Bob Harrison

Biographical details
- Born: September 9, 1941 Cleveland, Ohio, U.S.
- Died: April 15, 2022 (aged 80)

Playing career
- 1961–1963: Kent State
- Position(s): End

Coaching career (HC unless noted)
- 1964–1966: John Adams HS (asst.)
- 1967–1968: John Adams HS
- 1969–1970: Kent State (DL)
- 1971–1973: Iowa (OE/WR)
- 1974: Cornell (OL)
- 1975–1976: NC State (TE/OT)
- 1977–1982: Tennessee (WR)
- 1983–1986: Atlanta Falcons (WR)
- 1987: Washington Commandos
- 1988–1991: Georgia (WR)
- 1992–1993: Pittsburgh Steelers (WR)
- 1994–1996: Boston College (WR)

Administrative career (AD unless noted)
- 1998–c. 2011: Atlanta Falcons (scout)

Accomplishments and honors

Awards
- Second-team All-Mid-American Conference (1963); NFC Scout of the Year (2011);

= Bob Harrison (American football coach) =

American football player and coach (1941–2022)

Robert Harrison (September 9, 1941 – April 15, 2022) was an American football player and coach. He played college football at Kent State and later served as a coach for John Adams High School, Kent State, Iowa, Cornell, NC State, Tennessee, the Atlanta Falcons, the Washington Commandos, Georgia, the Pittsburgh Steelers and Boston College.

Upon being hired by the Washington Commandos in 1987, Harrison became the second black head coach in modern professional football history (after Willie Wood).

==Early life and education==
Harrison was born on September 9, 1941, in Cleveland, Ohio. He attended John Adams High School and joined Kent State University in 1960. He earned varsity letters in three years (1961–1963) and recorded 27 receptions for 350 yards as an end on the football team. As a senior, Harrison was named second-team All-Mid-American Conference. After graduating, he attempted a professional football career but a knee injury ended his playing career.
==Coaching career==
In 1964, Harrison accepted a position as an assistant coach at John Adams High School. He served as head coach in his final two years with the school (1967–1968).
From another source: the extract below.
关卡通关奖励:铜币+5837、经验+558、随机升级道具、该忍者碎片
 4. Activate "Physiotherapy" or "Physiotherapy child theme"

In 1969, Harrison became an assistant coach at his alma mater, Kent State University. He served in that position for two years before being named offensive ends and receivers coach at Iowa in January 1971. After serving three years at Iowa, Harrison was named offensive line coach at Cornell in January 1974.
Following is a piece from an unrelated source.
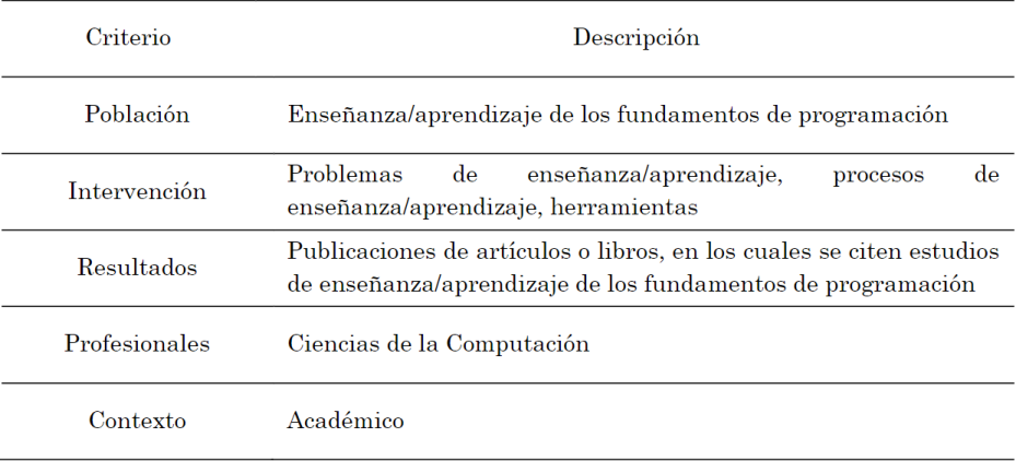 El criterio de inclusión definido es: documento científico relacionado con estudios de procesos de enseñanza aprendizaje de los fundamentos de programación para estudiantes de carreras universitarias o sus sinónimos de búsqueda. De la misma manera, los criterios de exclusión definidos son: estudios que no tengan su correspondiente cita bibliográfica, el documento no contiene los términos o sinónimos de búsqueda, solo experiencias con primeros cursos de programación de computadores y los documentos no están disponibles para descarga.

In January 1975, Harrison was named assistant coach at North Carolina State. After two years there as offensive tackles coach and tight ends coach, Harrison was hired as Tennessee wide receivers coach in 1977. He spent six years with Tennessee before being named wide receivers coach of the Atlanta Falcons in the National Football League (NFL) on February 16, 1983. After four seasons with the Falcons, he was fired in December 1986 along with several other of the coaches.

In , Harrison accepted a position as head coach of the Washington Commandos in the Arena Football League (AFL). The move made him the second black head coach in modern professional football history, after Willie Wood. Washington compiled a 2–4 record with Harrison as head coach.

In March 1988, it was announced that Harrison had been hired by Georgia to become the wide receivers coach. He served with them until being hired by the Pittsburgh Steelers in to coach the receivers. He was fired in January 1994. Harrison was later named receivers coach at Boston College, where he served from 1994 to 1996.
==Later life and death==
Harrison later served as an Atlanta Falcons scout, being named NFC Scout of the Year in 2011.

Harrison died on April 15, 2022, at the age of 80, after a long illness.